Limitations & Future Work¶
- The Hard subset comprises only 238 questions, which is relatively small and might not be fully representative.
- Difficulty grading is based on structural code features, which does not account for the intrinsic conceptual comprehension difficulty of financial topics.
- It only covers English financial reasoning; other linguistic scenarios (e.g., Chinese finance) are not addressed.

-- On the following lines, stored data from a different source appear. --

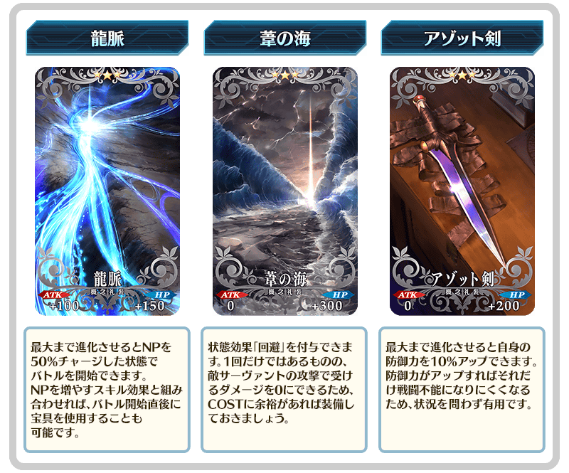 レアリティの高い概念礼装は効果が高いものが多く存在しますが、COSTが非常に高く、複数装備するとサーヴァントを出撃させるためのTOTAL COSTが大きく増加します。
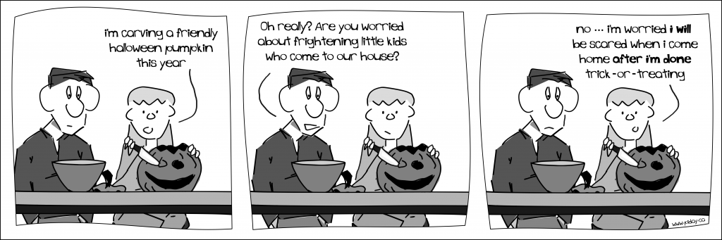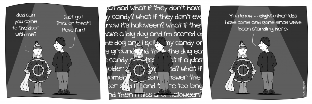 So much of what I drew fell into the category of “parenting” because at it’s core the strip was about being a dad. What you may not have noticed (or maybe you did) was two things. My wife was never in the strip (by design) and she was and still is fine (prefers) that. And two, the kid character always spoke in lower case. It made me happy the first time a reader pointed that out because, yeah, it was on purpose.
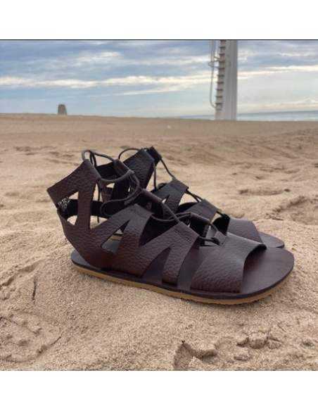 Fabricada artesanalmente en España, en piel natural color marron, esta sandalia barefoot combina elegancia y confort. Su suela plana, flexible y sin drop, típica del calzado respetuoso, favorece una pisada más natural, ligera y alineada con tu cuerpo.
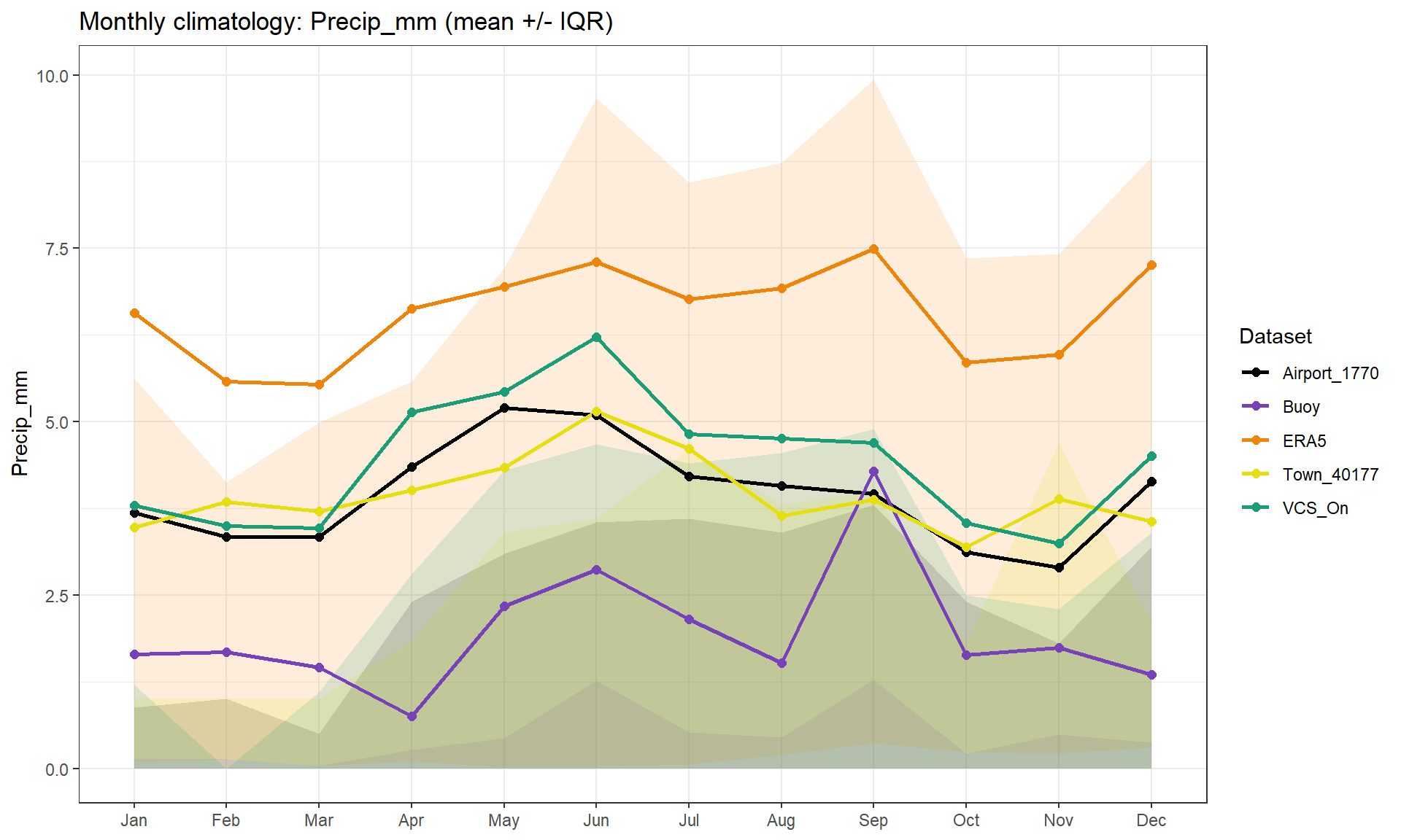 All datasets show a winter spring increase and a relative summer decrease, but the magnitude differs substantially. ERA5 is consistently wetter than the reference across months, while Buoy is clearly drier exept for september. Town_40177 aligns closely with the airport, and VCS_On is slightly wetter in several months but closer in the warmer dryer parts of the year. Wider IQRs for ERA5 indicate more variability and heavier tails.
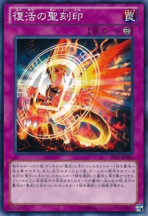 永続相手のターンに1度、デッキから「聖刻」と名のついたモンスター1体を墓地へ送る事ができる。 また、自分のターンに1度、ゲームから除外されている自分の「聖刻」と名のついたモンスター1体を選択して墓地に戻す事ができる。 フィールド上に表側表示で存在するこのカードが墓地へ送られた時、自分の墓地の「聖刻」と名のついたモンスター1体を選択して特殊召喚する。

- The function library is sourced from Investopedia, which may introduce coverage bias (skewing towards the Western/US financial system).
Related Work & Insights¶
- Relationship with BizBench: FinanceReasoning re-annotates and extends BizBench, establishing more rigorous evaluation criteria.
- Difference from general reasoning benchmarks (GSM8K, MATH): Emphasizes domain-specific knowledge application and numerical precision.
- Inspiration: The collaborative hybrid model of Reasoner + Programmer is worth promoting to other domains (e.g., physics, engineering computation).
Supplementary Analysis¶
- The average number of operators in Easy/Medium/Hard is 1.77, 3.79, and 10.12 respectively, and the lines of code are 3.13, 4.27, and 9.49, demonstrating a well-designed difficulty gradient.
- The function library features an average of 2.85 operators and 2.64 parameters per function, covering 1,864 financial concepts.
- The annotation team, consisting of 8 interdisciplinary graduate students and 2 CFA-certified experts, represents a high standard of quality; the entire annotation process took three months.
- The complete dataset and the entire financial function library have been open-sourced, making a significant contribution to the community.
- Difficulty distribution comparisons show that the proportion of medium and hard questions in FinanceReasoning is much higher than in existing datasets.
Rating¶
- Novelty: ⭐⭐⭐⭐ The threefold strategy of re-annotation + function library + hard questions is novel, though the overall work remains a benchmark engineering project.
- Experimental Thoroughness: ⭐⭐⭐⭐⭐ 13 models evaluated across multiple strategies; the comparative analysis of original vs. re-annotated data is highly convincing.
- Writing Quality: ⭐⭐⭐⭐ Well-structured with abundant figures and tables.
- Value: ⭐⭐⭐⭐ High-quality financial reasoning benchmark + open-sourced function library, providing a significant contribution to domain evaluation.